Quoi qu’il en soit, l’expression n’apparaît vraiment qu’au XVIIIe siècle selon deux acceptions. Voltaire, en 1716, l’utilise comme synonyme de plaisir et du libertinage qui y est attaché tandis que la marquise Du Deffand avoue à Horace Walpole en 1771: « Vous saurez que j’ai passé une nuit blanche, mais si blanche, que depuis deux heures après minuit que je me suis couchée, jusqu’à trois heures après midi que je vous écris, je n’ai pas exactement fermé la paupière ; c’est la plus forte insomnie que j’aye jamais eue ». Étrange horaire quand même pour cette couche-tard ! Deux dimensions donc : celle d’une veille assumée et ludique, celle d’une insomnie subie et douloureuse. Au cours du XIXe siècle, les références littéraires (de Hugo à Nerval) ou artistiques à la nuit blanche vont se multiplier.
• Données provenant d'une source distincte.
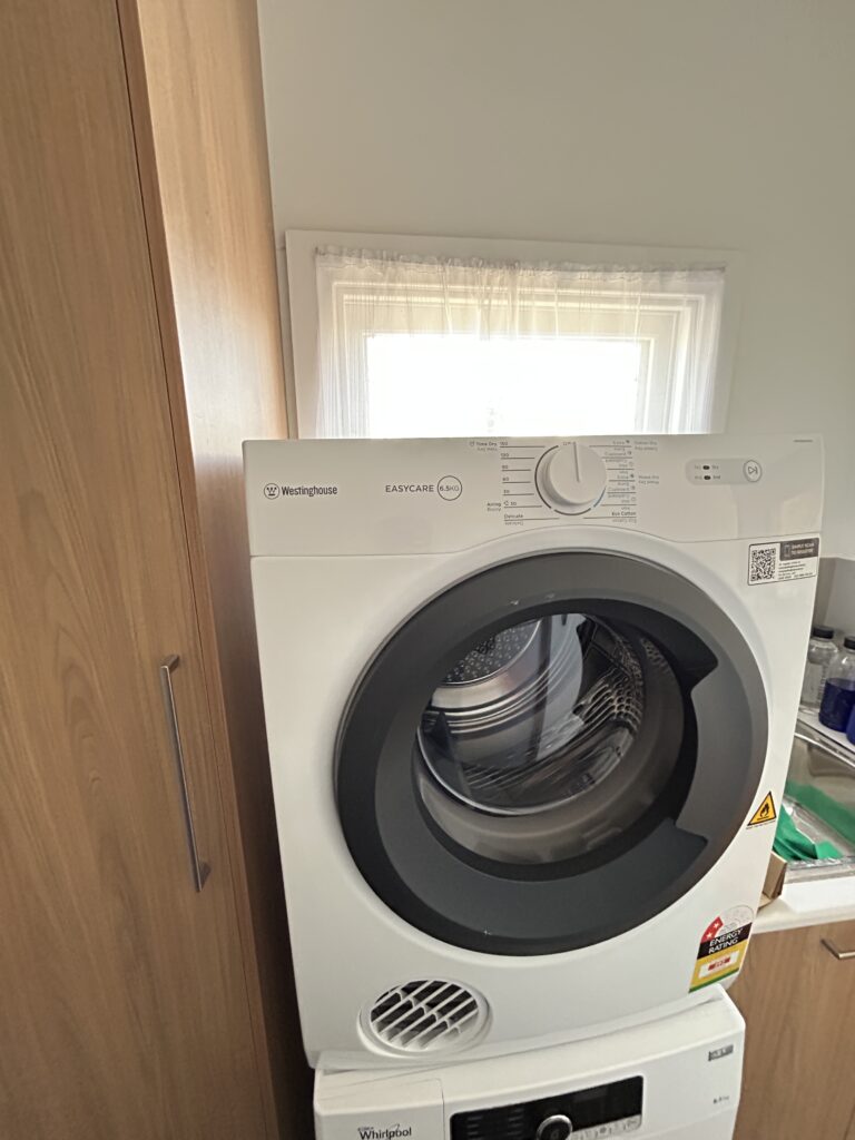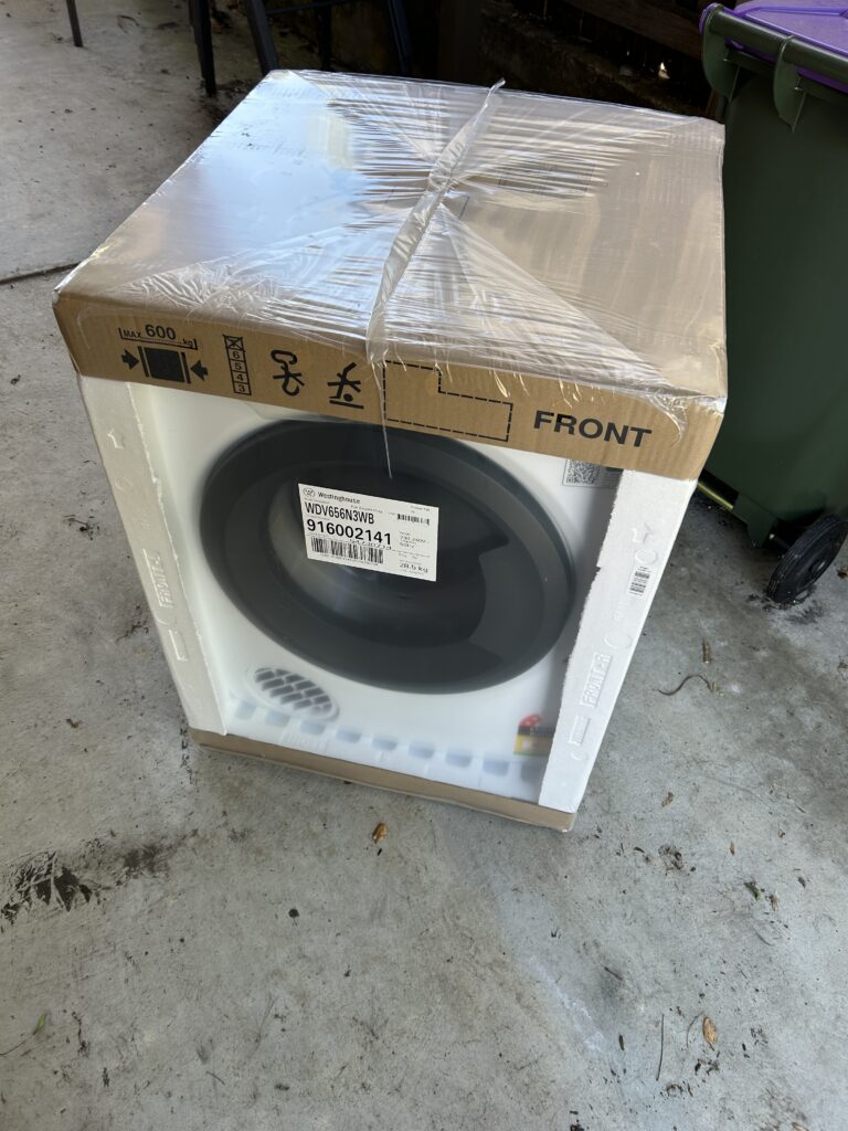 So I waved the delivery guys goodbye, explaining theat I didn’t get the ‘take away my old dryer’ option because the Good Guys website said the Ballarat store didn’t offer it. I signed my name on the guy’s phone reader thing, and we parted on good terms.

En effet et selon la première signification, la veille festive dépassera désormais les cercles restreints et aristocratiques comme ce fut le cas lors des folles nuits de Sceaux organisées par la duchesse du Maine dans les années 1715. Elle n’est plus exceptionnelle et envahit le cadre urbain dont Paris, ville lumière, ville des plaisirs, devient le symbole entre le Second Empire et la Belle Époque.

Le 3 octobre 2020 à Saint-Merry

Mais, liée au plaisir ou à l’insomnie, la nuit blanche n’a pas bonne réputation. Les gens d’Église la rendent responsable d’inverser le jour et la nuit et de bafouer ainsi les préceptes bibliques d’une séparation temporelle inscrite dans la Création. C’est d’ailleurs au nom de la même lecture littérale que longtemps, ils refuseront, à Rome en particulier, l’éclairage public. Mais elle est aussi vilipendée par le discours médical puisque l’homme a besoin de repos, évidemment nocturne, sous peine de développer des « pathologies nerveuses ». Le médecin Guillaume Buchan écrit dès la fin du XVIIIe siècle : « Une grande partie des plaisirs de la vie consiste dans l’alternative du repos et du mouvement, et quiconque ne connaît pas le dernier n’est point dans le cas de goûter les douceurs du premier ». En outre, celui qui privilégie la veille voit durant sa nuit blanche le divertissement laisser bien vite la place au tourment, le tourment aux douleurs, les douleurs à la solitude alors que le reste de la société dort ! Enfin, cet état est socialement condamnable, et cela s’adresse évidemment non aux insomniaques mais bien aux noctambules. Ces êtres oisifs que l’on oppose aux travailleurs laborieux semblent vouloir résister aux temporalités qui s’imposent au cours du XIXsiècle autour d’un rythme régulier : au jour le travail, à la soirée la sociabilité, au sommeil la nuit. Vision réductrice cependant puisque jusque dans les années 1870, le travail de nuit ne cessa de s’accroître.

En « somme », entre les frayeurs et les énervements d’une longue nuit en vaine quête de sommeil et les réjouissances tapageuses et partagées qui ne finissent qu’aux premières lueurs, la nuit blanche n’a pas toujours bonne presse. Heureusement, une fois l’an, au seuil de l’automne dans de nombreuses villes d’Europe et des Amériques, le long passage du samedi au dimanche se construit à travers des déambulations insolites, des inventions émerveillées, des lumières qui donnent aux monuments un tout autre relief, des bruits inusités qui les emplissent.

Vivement octobre 2021 !

Alain Cabantous

P.S. : Je remercie Sophie Panziera pour ses informations.